The news was revealed as investigators identified a body they suspect is that of a suicide bomber, saying he was an Egyptian with Islamic militant ties.

The officials, who have knowledge of the investigation, would not say where the tip came from, but said security had been put on alert in the resort on the southern tip of the Sinai peninsula several days before the pre-dawn attacks on Saturday.

Instead of casinos, the bombers, in two explosives-laden lorries, targeted hotels just after 1am on Saturday morning. One ploughed into the Ghazala Gardens reception area, levelling the lobby. A second headed for another hotel but got caught in traffic and detonated before reaching its target.

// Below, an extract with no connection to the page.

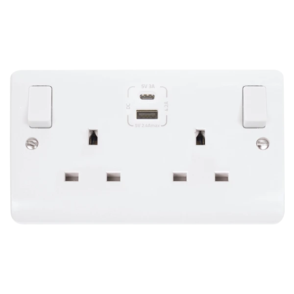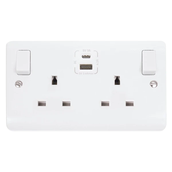 Polar White Mode 2 Gang 13A 1x USB-A 1x USB-C 4.2A Switched Socket

Police using DNA tests identified one of the bodies found at the Ghazala site as Youssef Badran, an Egyptian Sinai resident who they said has links to Islamic militants, security officials said. Those links led the officials to suspect he was the bomber in the attack.

A third group yesterday issued a claim of responsibility for the Sharm attacks. The previously unknown Egyptian group Tawhid and Jihad said it attacked the "Crusaders" in Sharm on orders from the al-Qaeda leader Osama bin Laden and his Egyptian-born deputy, Ayman al-Zawahri, "in support of our brothers in Iraq and Afghanistan".